6. Pour the mixture into 8 ring molds (or small ramekins) and top each pile of batter with some chocolate pastilles
7. Bake for 6 or 7 minutes (until the pastilles have started to melt and the cakes aren’t too wobbly)
8. Gently un-mold the cakes and serve.

The Verdict
My daughter claims to only like take-out Greek potatoes from the Danforth, but she manages to eat a few of Slater’s best. 

The boy prefers the golden beats to all esle, quite the feat for a kid who’s usually a carnivore above all else.

The kids don’t dig the mushroom sauce, but eat up all of their steak.

K. loves the steak and mushroom sauce, the golden beets are a nice change and the potatoes are always a huge hit.

A fancy dinner in about an hour and 10 minutes (not including dessert). Of that time, about 25 was prep and cook and 45 was drinking a Kir with the fam. 

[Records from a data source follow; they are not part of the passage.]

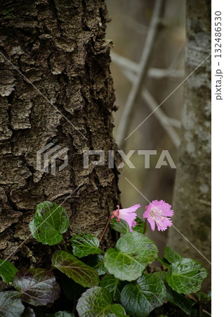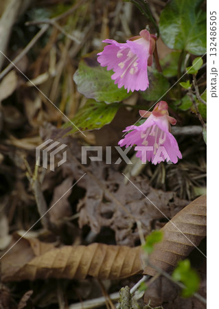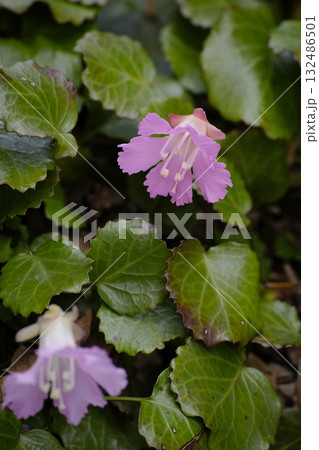 東京都奥多摩に咲く薄ピンク色のイワウチワの花
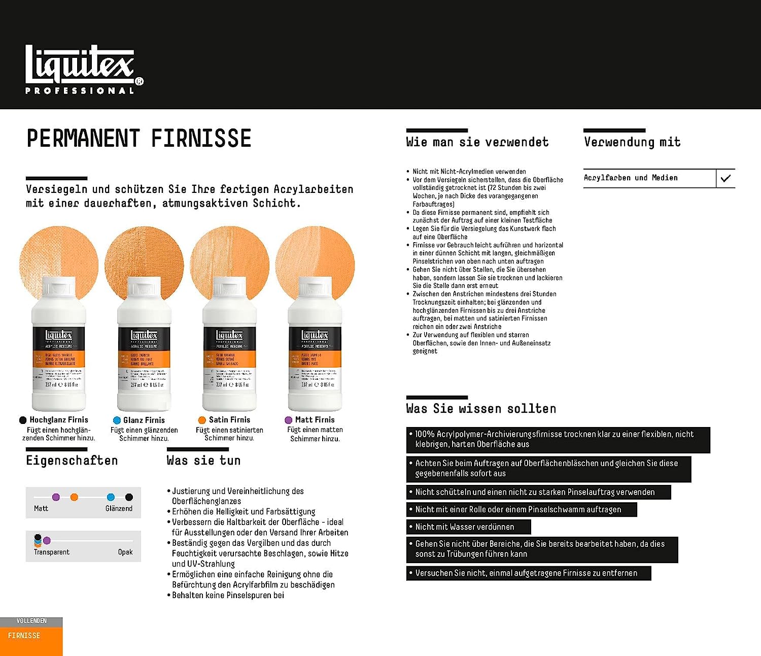 Liquitex offers the broadest range of acrylic mediums to inspire creativity at every stage of the painting process. Varnish Mediums protect the painting surface from the environment and protect the pigments from ultraviolet light. Additionally, varnishes can be used to change or unify a painting’s surface sheen. Liquitex varnishes come in several different sheens which can all be intermixed for a customized sheen. Liquitex Archival Permanent Varnish Finishing Medium is a low-odor, permanent and durable medium with water-based technology, translucent when wet, clear when dry.  Resists discoloring (non-yellowing, non-fogging) due to humidity heat and ultraviolet light.  Can be used with Spray Paint, Heavy Body, Soft Body.  Dries to a non-tacky, hard, flexible surface that is resistant to dirt retention.  Hard, archival, non-yellowing and water-resistant when dry.  Protects acrylic color from harsh elements.  For interior and exterior use. APPLICATION: Apply as a final varnish over dry acrylic paint. Varnish surface and environment must be clean, dry and dust free. Acrylic paintings must be completely dried and cured for 48-72 hours before varnishing. Application may be done by brush or spray. Generally a sprayed application will be thinner, smoother and more even. Rolling or sponging application is not recommended. Caution: Acrylic paints and mediums become increasingly brittle in cold weather. Do not apply below 60 degrees Fahrenheit. Visit our Liquitex Amazon Storefront for full product assortment.
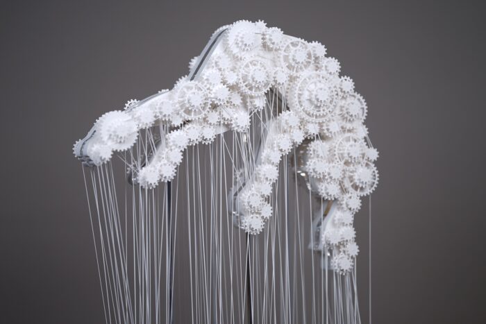 誰にとっても身近な紙という素材を用いて作品を制作する伊藤。特別な道具は用いず、真っ白な紙を切ったり折り曲げたりしながら、まるで細胞が増殖していくかのように作品を生み出します。幾何学的であると同時にどこか有機的な造形、そしてその美しい陰影は、シンプルな白い紙だからこそ見えてくるものです。ストイックで繊細な作業に裏打ちされた作品からは、「ただの白い紙」に無限の可能性があることを感じさせます。

I completely buggered the dessert. It was nearly unedible. I mistakenly used unsweetened chocolate instead of bittersweet chocolate. The two of us grimaced through the rather bitter and dry dessert, piling on the ice cream and letting it melt into the cake to make it a little more platable.

The Wines
2003 Antech Blanquette de Limoux Grand Reserve – very citric, it was a great base for the Kir Royales.

2002 Two Hands Lily’s Garden Shiraz – We don’t drink much Australian wine and this was a reminder as to why. Completely over the top and hedonistic, this struck me as being rather out of balance, dominated by glycerin and a chemical finish. It smelled like a million bucks, but lost out to the 15% alcohol.